[Opening Supplied material section]

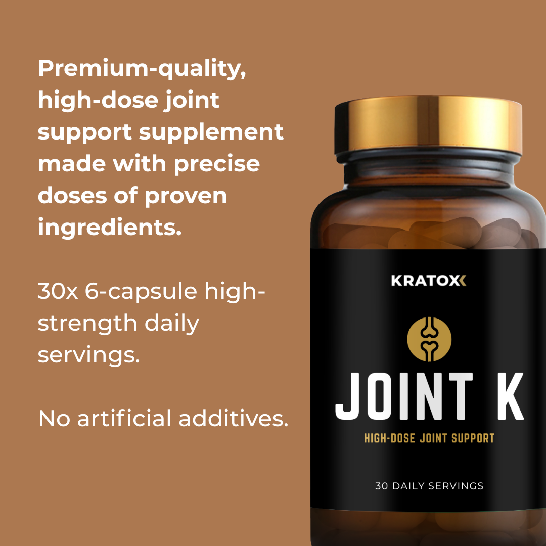 As with all Kratox supplements, Joint K is made using only the highest quality ingredients at proven dosages and made with no artificial colours, binders, fillers or preservatives.
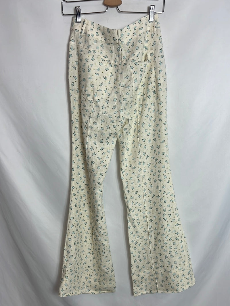 MANGO. Pantalón lino fluido flores. T 34
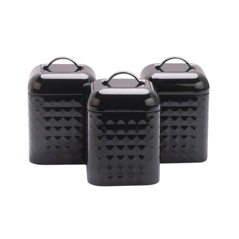 Stilingas ir praktiškas 3 indelių rinkinys, skirtas biriems produktams laikyti. Šie indeliai puikiai tinka kavai, cukrui, arbatai, kruopoms ar kitiems kasdien naudojamiems virtuvės produktams. Elegantiškas juodos spalvos dizainas su subtiliu reljefiniu raštu suteikia modernumo ir tvarkos pojūtį virtuvės interjere.
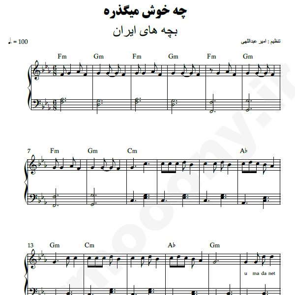 نت پیانو ” چه خوش میگذره ” –  بچه های ایران

[Closing Supplied material section]

- _About this exercise_:
Nothing but the lines from the beginning of the material through the line with "MANGO. Pantalón lino fluido flores. T 34" should appear, printed exactly, with no pictures among them.

- _Response area_:
 As with all Kratox supplements, Joint K is made using only the highest quality ingredients at proven dosages and made with no artificial colours, binders, fillers or preservatives.
 MANGO. Pantalón lino fluido flores. T 34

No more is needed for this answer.